(ENTRIES SHOWN begins)
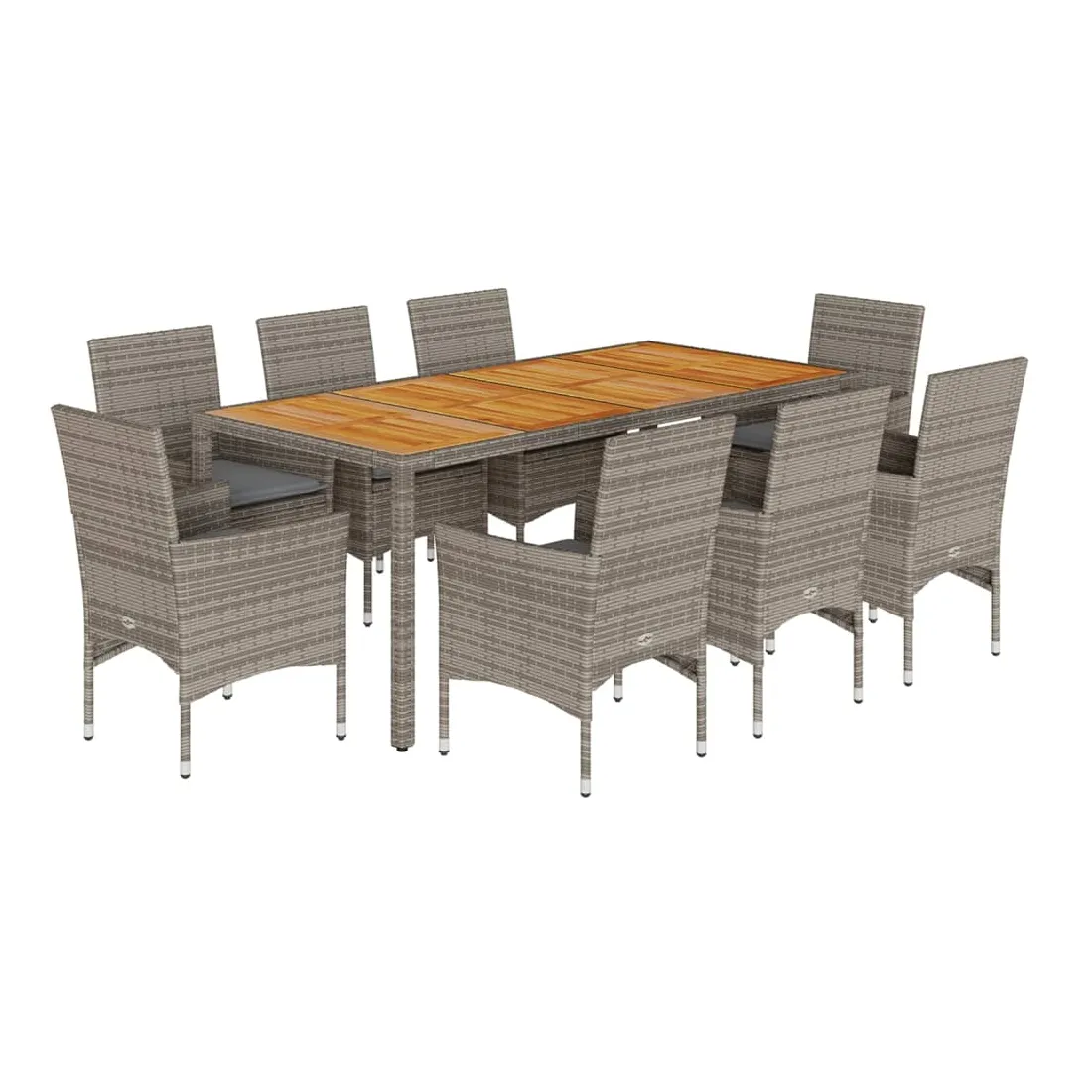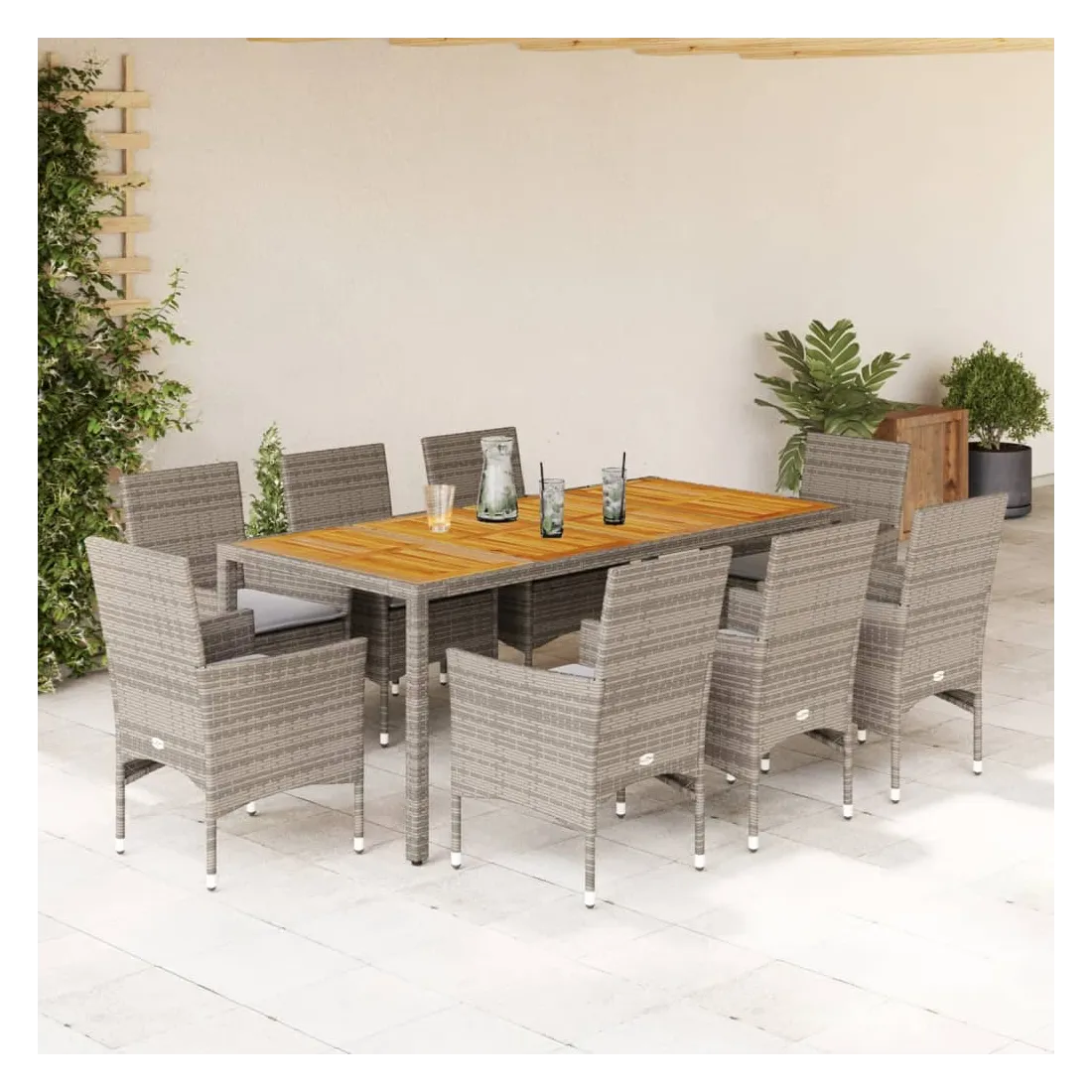 Cet ensemble de salle à manger de jardin est un excellent choix pour les repas en plein air ou pour vous détendre dans le jardin, dans l'arrière-cour ou sur la terrasse. Matériau durable : la résine tressée, également connue sous le nom de poly rotin, est un matériau synthétique solide et nécessitant peu d'entretien qui ressemble au rotin naturel. Il est léger, facile à nettoyer et couramment utilisé pour les meubles d'extérieur en raison de sa durabilité et de ses propriétés de résistance aux intempéries.Expérience d'assise confortable : cet ensemble de meubles d'extérieur, doté de coussins épais, offre une expérience d'assise confortable.Housse amovible et lavable : ces coussins de siège sont dotés de housses amovibles pour un lavage et un entretien faciles.Dessus stable et facile à nettoyer : cette table de jardin a un dessus en bois d'acacia robuste, durable et facile à nettoyer avec un chiffon humide. Bon à savoir :Pour que vos meubles d'extérieur restent beaux, nous vous recommandons de les protéger avec une housse imperméable.
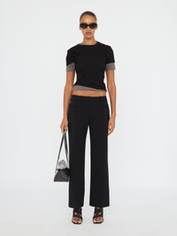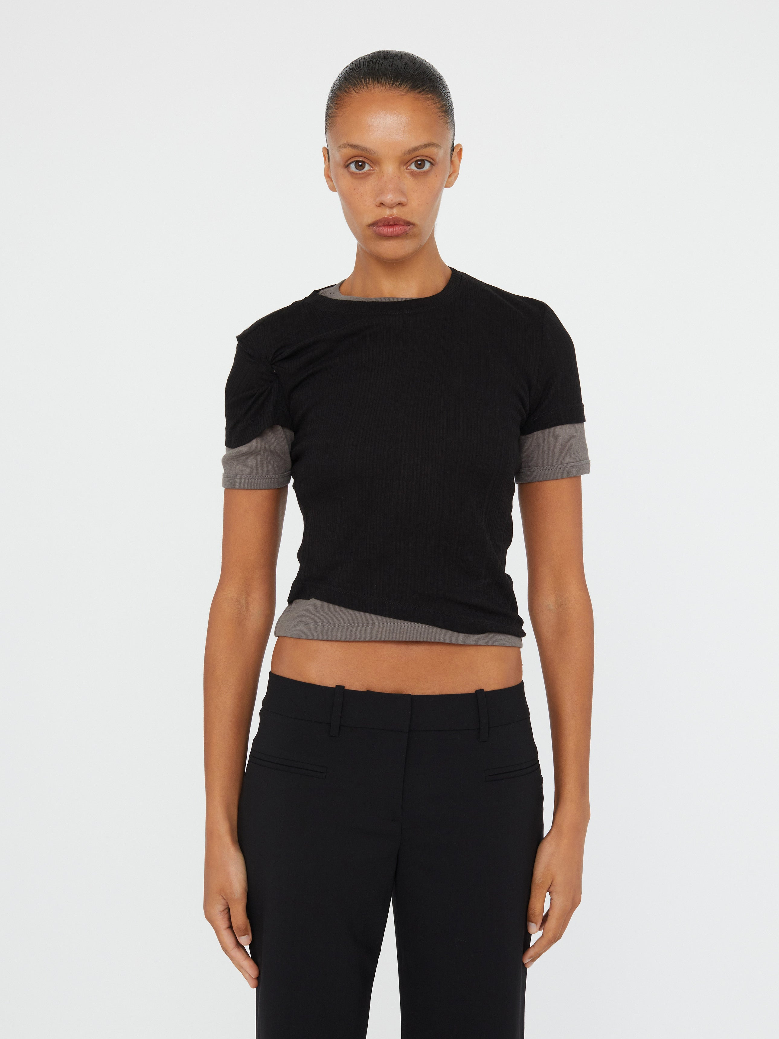 A palette of tones is explored with this sheer layered short sleeve rib tee. Contrasting depths of shadow grey and black are layered and revealed from beneath, finished with tuck detailing at the sleeve. - Contrast cotton rib under-layer - Cotton rib outer-layer - High round neckline - Peephole cut out - Gently ruched side seams - Cropped at the waist - High round neckline - 100% Cotton Lining - Contrast Outer: 95% Cotton 5% Elastane Kukua is 176cm/59.5" and wears size AU 8 (US 4) AU Sizing
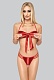 Двухчастный комплект, выполненный из красной, слегка блестящей ткани. Стринги изготовлены из ткани, соединенной тремя эластичными полосками, чудесно облегающими женские бедра и соблазнительно экспонируют животик. Лифчик, застегивающийся сзади, представляет собой соединение полосок из эластичной ткани и завязанного спереди банта. Все вместе выглядит фривольно и кокетливо, одним словом, – это идеальный комплект для сумасшедших любовных утех. В комплекте: лиф, трусики-стринги.
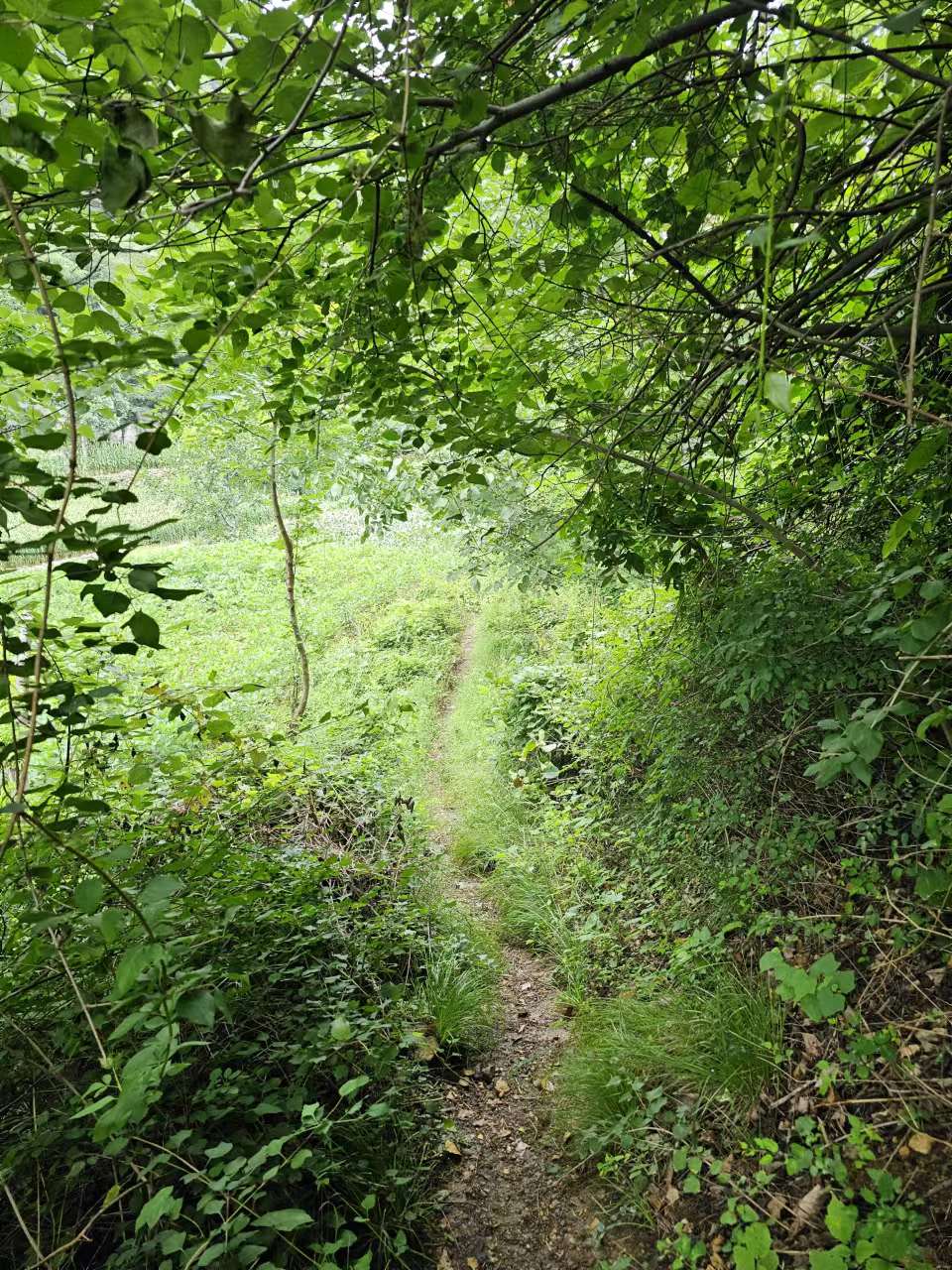 下山的路跟预判得差不多,还有点黏湿,好在石头是干的,就多了几分安全感。羊肠小路与水沟已为一体,可能是昨夜里刚下过的大雨冲刷的小路沟沟壑壑的,崎岖难行,而且路边就是悬崖峭壁,一旦滑倒,后果难料。可以肯定,现在这条小路除了驴友之外,大概村民已经很少有人走了。因为山下的玉河泉一带村庄到拔槊泉等地都通了柏油路,盘山公路把各个村庄都连接了起来,交通已经十分便捷了。村民们也都有了私家车或者摩托车,走亲访友,赶集买卖基本上都是以车代步了,因此这些连接村与村之间的山野小路的荒废就成为必然的了,这也是社会主义新农村建设的具体成果吧。
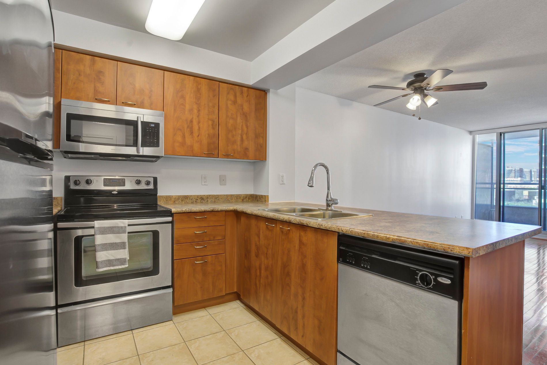 • Functional kitchen features stainless steel appliances and breakfast bar.
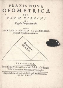 Metius (Adriaan). Praxis nova geometrica per usum circini et Regulae Proportionalis. Francfort, Ex officinâ Ulderici Dominici Balck [Amsterdam, Johannes Jansson], 1623. In-4, vélin souple de l'époque.
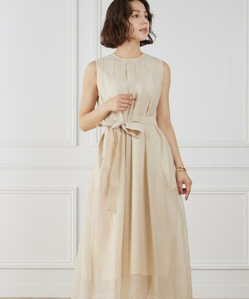 ネックから肩にかけてタックを取りたっぷりとフレアーを入れたシルエットが美しい1着。バランスの取りやすい丈感で、パンプスからサンダルまでさまざまなシューズと相性良く合わせていただけます。エレガントに一枚で着用するのはもちろん、ジャケットなどを合わせたシックなコーディネートもおすすめ。付属のベルトでシルエットを変えられます。合わせる小物次第でさまざまなシーンに幅広くお召いただけます。
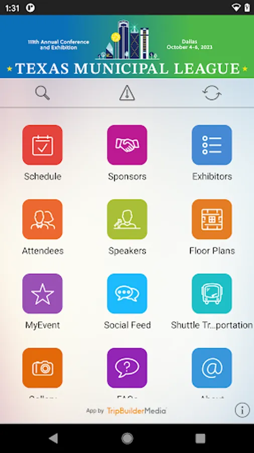 This TripBuilder EventMobile app is provided at no charge by the Texas Municipal League (TML). It was designed and developed by TripBuilder Media Inc. If you have any questions, or need any support regarding how to use this app, please submit a Support Ticket (located within the Help icon in the app).
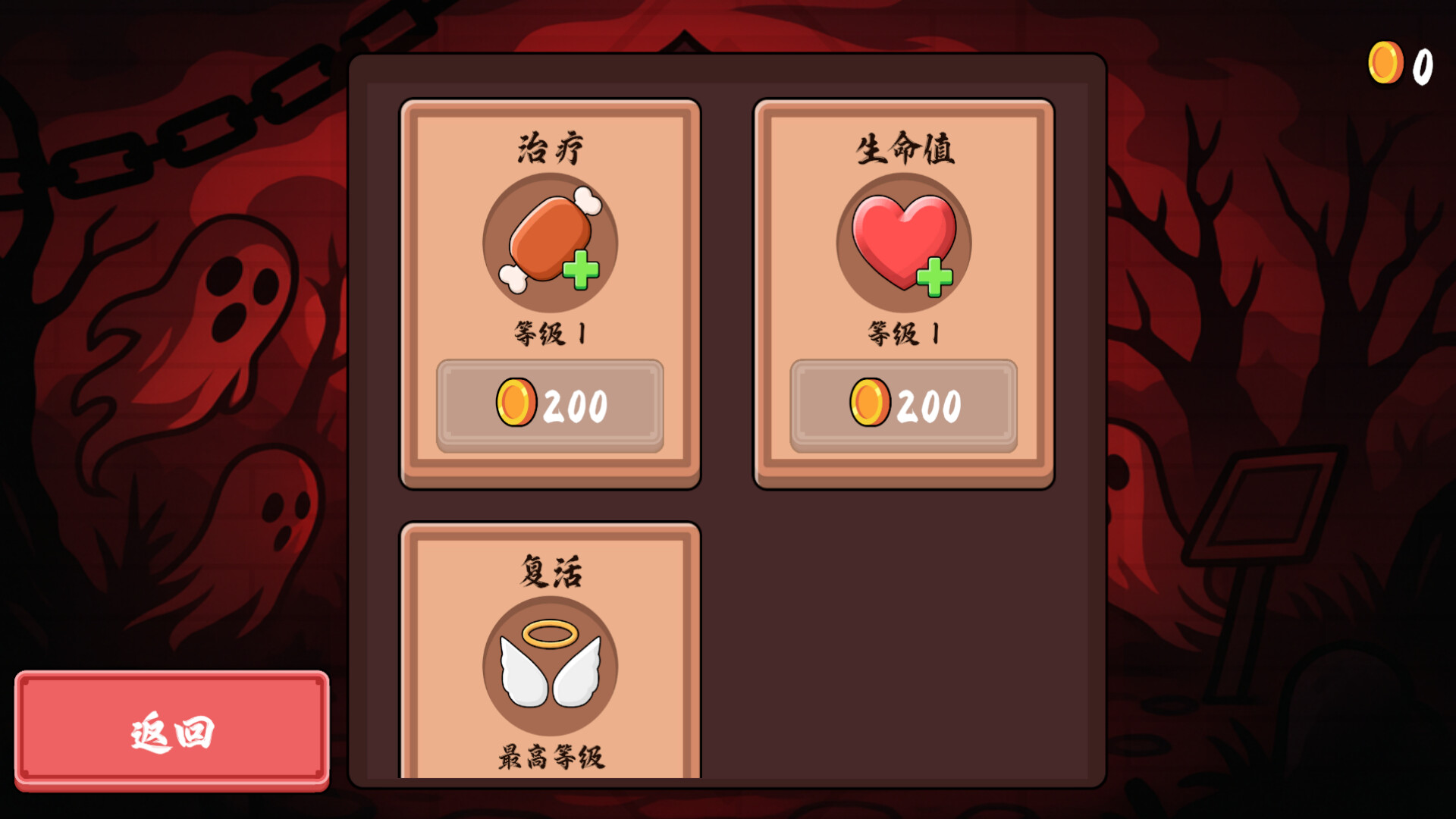 角色升級:遊戲內設有商店,玩家可在商店中(滑鼠下拉)購買不同屬性道具,如防禦、攻擊、治療、生命值、復活等。
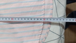 Camisa de manga larga con estampado de rayas azul claro, rosa y blanco Tiene un error de fábrica en un punto, que apenas se ve Usada una vez
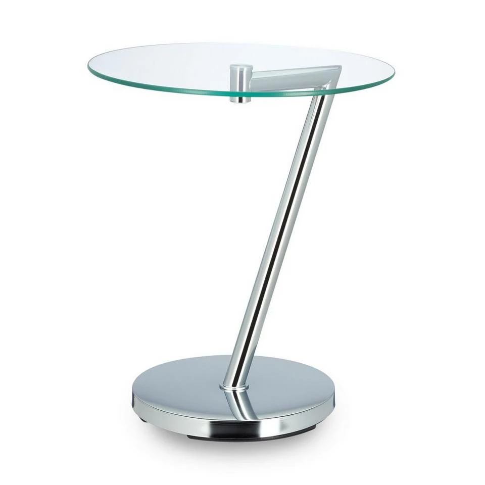 Stilvoller Kaffeetisch – Glas und Chrom für Kaffee und Kuchen Genießen Sie gemütliche Stunden bei Kaffee und Kuchen mit dem formschönen Kaffeetisch aus Glas. Der Teetisch im originellen Design besticht durch seine runde Glasplatte und dem verchromten Tischbein mit Knick. Der platzsparende Beistelltisch ist ideal für lauschige Ecken in der Wohnung, im Garten oder auf dem Balkon. Die Ablage bietet Platz für 2 Gedecke. Legen Sie eine Kaffeepause mit Ihrem Partner ein und erfreuen Sie sich an dem stilvollen Kaffeetisch. Das kleine Multitalent eignet sich auch als Nachttisch im Schlafzimmer oder als Couchtisch im Wohnzimmer.
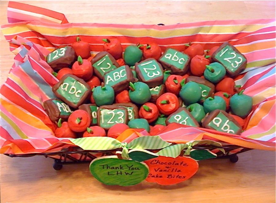 I made these cake bites/cake balls for the teachers at my daughter's school. This week was parent teacher conferences and, as a former teacher, I know how fun those can be. ;-) The little chalkboards were a bit more tricky than anticipated and I was very pleased with how the apples turned out. Chocolate and Vanilla cake bites covered in candy melts, the stems and leaves are made from softened Tootsie Rolls. TFL!!
(ENTRIES SHOWN ends)
EXERCISE: The output should consist of the records above, reproduced exactly, without pictures.

EXERCISE OUTPUT:
 Cet ensemble de salle à manger de jardin est un excellent choix pour les repas en plein air ou pour vous détendre dans le jardin, dans l'arrière-cour ou sur la terrasse. Matériau durable : la résine tressée, également connue sous le nom de poly rotin, est un matériau synthétique solide et nécessitant peu d'entretien qui ressemble au rotin naturel. Il est léger, facile à nettoyer et couramment utilisé pour les meubles d'extérieur en raison de sa durabilité et de ses propriétés de résistance aux intempéries.Expérience d'assise confortable : cet ensemble de meubles d'extérieur, doté de coussins épais, offre une expérience d'assise confortable.Housse amovible et lavable : ces coussins de siège sont dotés de housses amovibles pour un lavage et un entretien faciles.Dessus stable et facile à nettoyer : cette table de jardin a un dessus en bois d'acacia robuste, durable et facile à nettoyer avec un chiffon humide. Bon à savoir :Pour que vos meubles d'extérieur restent beaux, nous vous recommandons de les protéger avec une housse imperméable.
 A palette of tones is explored with this sheer layered short sleeve rib tee. Contrasting depths of shadow grey and black are layered and revealed from beneath, finished with tuck detailing at the sleeve. - Contrast cotton rib under-layer - Cotton rib outer-layer - High round neckline - Peephole cut out - Gently ruched side seams - Cropped at the waist - High round neckline - 100% Cotton Lining - Contrast Outer: 95% Cotton 5% Elastane Kukua is 176cm/59.5" and wears size AU 8 (US 4) AU Sizing
 Двухчастный комплект, выполненный из красной, слегка блестящей ткани. Стринги изготовлены из ткани, соединенной тремя эластичными полосками, чудесно облегающими женские бедра и соблазнительно экспонируют животик. Лифчик, застегивающийся сзади, представляет собой соединение полосок из эластичной ткани и завязанного спереди банта. Все вместе выглядит фривольно и кокетливо, одним словом, – это идеальный комплект для сумасшедших любовных утех. В комплекте: лиф, трусики-стринги.
 下山的路跟预判得差不多,还有点黏湿,好在石头是干的,就多了几分安全感。羊肠小路与水沟已为一体,可能是昨夜里刚下过的大雨冲刷的小路沟沟壑壑的,崎岖难行,而且路边就是悬崖峭壁,一旦滑倒,后果难料。可以肯定,现在这条小路除了驴友之外,大概村民已经很少有人走了。因为山下的玉河泉一带村庄到拔槊泉等地都通了柏油路,盘山公路把各个村庄都连接了起来,交通已经十分便捷了。村民们也都有了私家车或者摩托车,走亲访友,赶集买卖基本上都是以车代步了,因此这些连接村与村之间的山野小路的荒废就成为必然的了,这也是社会主义新农村建设的具体成果吧。
 • Functional kitchen features stainless steel appliances and breakfast bar.
 Metius (Adriaan). Praxis nova geometrica per usum circini et Regulae Proportionalis. Francfort, Ex officinâ Ulderici Dominici Balck [Amsterdam, Johannes Jansson], 1623. In-4, vélin souple de l'époque.
 ネックから肩にかけてタックを取りたっぷりとフレアーを入れたシルエットが美しい1着。バランスの取りやすい丈感で、パンプスからサンダルまでさまざまなシューズと相性良く合わせていただけます。エレガントに一枚で着用するのはもちろん、ジャケットなどを合わせたシックなコーディネートもおすすめ。付属のベルトでシルエットを変えられます。合わせる小物次第でさまざまなシーンに幅広くお召いただけます。
 This TripBuilder EventMobile app is provided at no charge by the Texas Municipal League (TML). It was designed and developed by TripBuilder Media Inc. If you have any questions, or need any support regarding how to use this app, please submit a Support Ticket (located within the Help icon in the app).
 角色升級:遊戲內設有商店,玩家可在商店中(滑鼠下拉)購買不同屬性道具,如防禦、攻擊、治療、生命值、復活等。
 Camisa de manga larga con estampado de rayas azul claro, rosa y blanco Tiene un error de fábrica en un punto, que apenas se ve Usada una vez
 Stilvoller Kaffeetisch – Glas und Chrom für Kaffee und Kuchen Genießen Sie gemütliche Stunden bei Kaffee und Kuchen mit dem formschönen Kaffeetisch aus Glas. Der Teetisch im originellen Design besticht durch seine runde Glasplatte und dem verchromten Tischbein mit Knick. Der platzsparende Beistelltisch ist ideal für lauschige Ecken in der Wohnung, im Garten oder auf dem Balkon. Die Ablage bietet Platz für 2 Gedecke. Legen Sie eine Kaffeepause mit Ihrem Partner ein und erfreuen Sie sich an dem stilvollen Kaffeetisch. Das kleine Multitalent eignet sich auch als Nachttisch im Schlafzimmer oder als Couchtisch im Wohnzimmer.
 I made these cake bites/cake balls for the teachers at my daughter's school. This week was parent teacher conferences and, as a former teacher, I know how fun those can be. ;-) The little chalkboards were a bit more tricky than anticipated and I was very pleased with how the apples turned out. Chocolate and Vanilla cake bites covered in candy melts, the stems and leaves are made from softened Tootsie Rolls. TFL!!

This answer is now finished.